The festive period should be a time to relax and have fun with your loved ones but for many of us it also brings an equal and unwelcome dose of stress: last minute shopping, cooking dinner for 12, meeting the in-laws... Studies have shown that certain foods can act to temporarily make you feel calmer. So if you expect to feel some stress and anxiety this Christmas, here are 5 foods you may want to add into your diet to help boost your mood and improve cognition!
1. Turkey and Tryptophan
Turkey is rich in tryptophan, an amino acid that is naturally converted in the brain to serotonin. Research suggests it can have a positive effect on stress because it encourages your brain to produce feel-good chemicals.  Other tryptophan rich foods include chicken, soybeans, bananas, cereals, nuts milk and cheese.
2. Whole Wheat Bread and Carbs
To increase serotonin levels with food, the best strategy involves eating foods containing tryptophan as well as proper carbohydrates. Carbohydrates are responsible for helping drive tryptophan across the blood-brain barrier, where it is converted into serotonin. Try and eat healthy carb options such as whole grain bread, brown rice and sweet potatoes.
3. Beef and Vitamin B rich food
Some believe there is a correlation between improved mood and B Vitamins. A recent study suggested that oral doses of both folic acid (800 µg daily) and vitamin B12 (1 mg daily) should be tried to improve treatment outcome in depression.  Eating Vitamin B rich foods like beef and pork can help to improve your mood and anxiety, so enjoy those pigs in blankets!
4. Fish and Omega-3
The health benefits of Omega-3 fatty acids found in fish such as tuna, salmon, trout, mackerel, continue to grow and some studies have concluded it can act to uplift and enhance your mood. 
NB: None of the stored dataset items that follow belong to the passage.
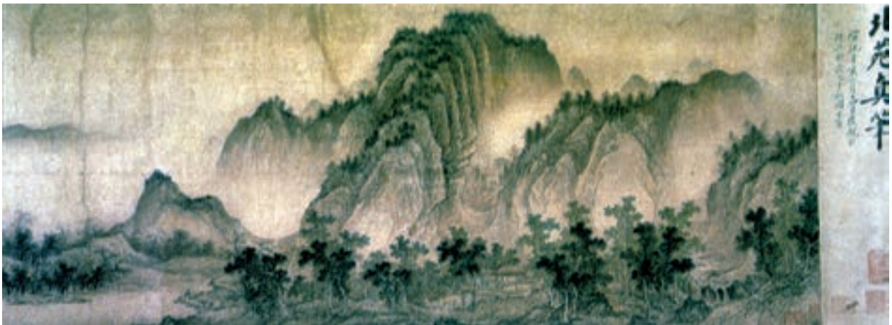
تصویر ۱۳-۳. منظره‌ی کوهستانی، مرکب روی ابریشم، سده‌ی ۱۷ م، طومار افقی.

اگرچه مضامین دنیوی هم چون صحنه‌های زندگی مردم، زنان درباری، حیوانات، به‌ویژه اسب و گل‌ها و گیاهان و پرندگان، در نقاشی چینی به چشم می‌خورد ولی منظره‌نگاری همواره جایگاه خاصی در نقاشی چینی داشته است. چینی‌ها در سده‌ی یازدهم بر اسلوب ترسیم نماهای دور و نزدیک تسلط کامل یافتند ولی اوج منظره‌نگاری در نقاشی چینی عهد سونگ بود، به‌ویژه سده‌ی ۱۲ و ۱۳ م. در این روزگار منظره‌نگاری ناب به اوج شکوفایی رسید. نقاشان اغلب انسان را جزئی کوچک از طبیعت پهناور قلمداد می‌کردند و طبیعت بی‌کرانه را در حالت‌هایی متنوع چون جهانی بی‌انتها، پرشکوه و با اهمیت تصویر می‌کردند (تصویر ۱۳-۳).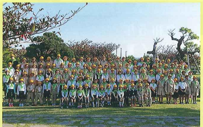
緑の少年団の育成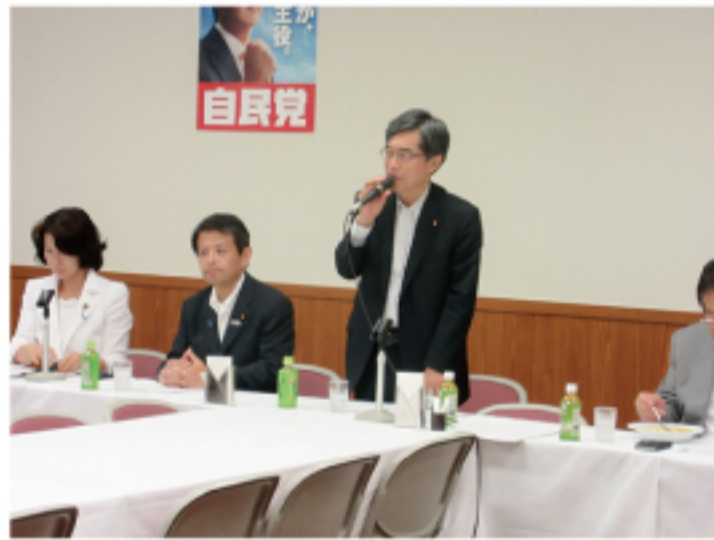
▲地域活性化議員連盟 会長を仰仕りました。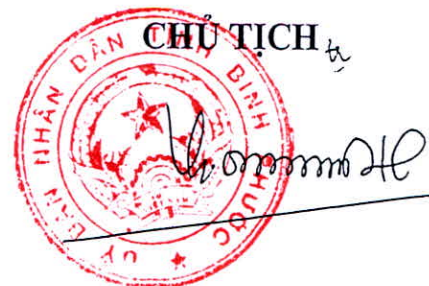
Trần Tuệ Hiền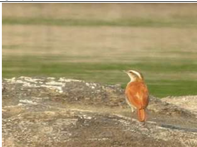
Figura - 44 – Furnarius figulus (Casaca-de-couro-da-lama).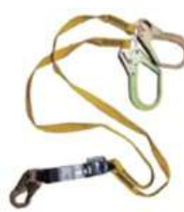
LÍNEA DE VIDA DOBLE (AMR2S-VRZ) N.2009 - STEELPRO

•Certificado y cumplimiento de la Norma ANSI 359.12-2013 y 2014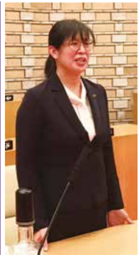
田村弘子議員 立憲民主党議員団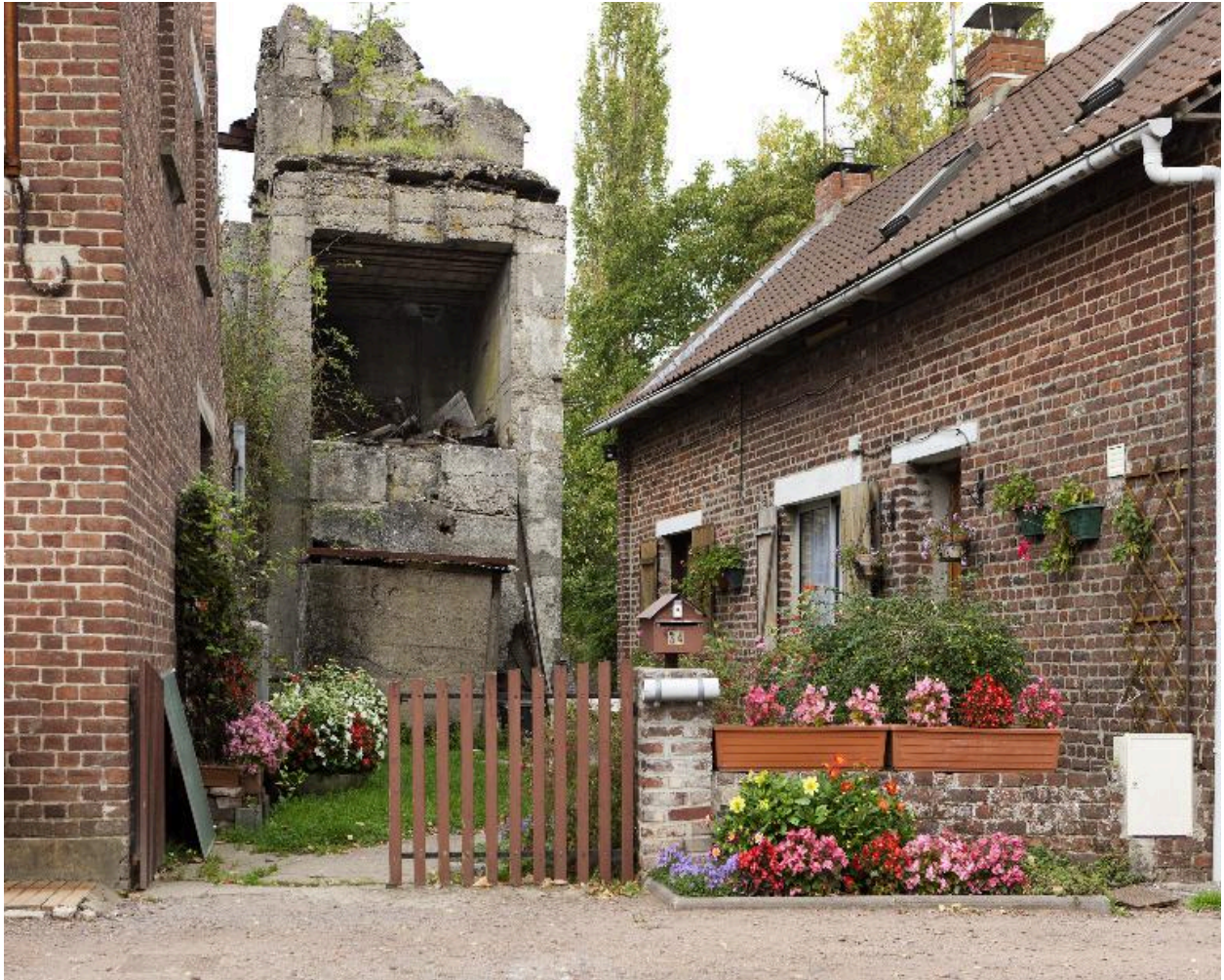
Vue vers le nord, depuis la rue Basse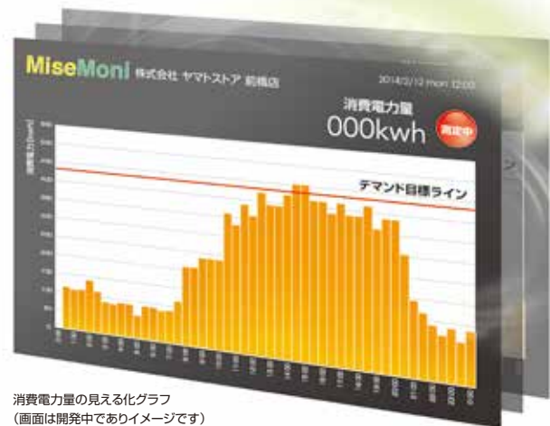
消費電力量の見える化グラフ (画面は開発中でありイメージです)

■ 計測機器：当社で準備(初期投資については協議必要)、1年間無償貸与 ■ 点検作業、報告作成業務：保証期間中の業務として無償で実施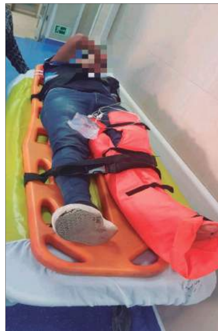
► El ciudadano fue trasladado a una casa de salud.

Al lugar llegó la unidad de salud para brindar los primeros auxilios al herido, para luego trasladarlo hasta el hospital a que reciba atención médica.

5. Greek Yoghurt and Protein rich foods
Eating foods high in protein can improve alertness, mental energy and reaction time.  Proteins help to stimulate the production of brain chemicals such as dopamine, which carries impulses between nerve cells. Good meat-free sources of protein include greek yoghurt, eggs, beans, lentils and nuts.
 Kroes MC, et al., ‘Food can lift mood by affecting mood-regulating neurocircuits via a serotonergic mechanism,’ Neuroimage, 2014 Jan, 1:84, pp.825-32.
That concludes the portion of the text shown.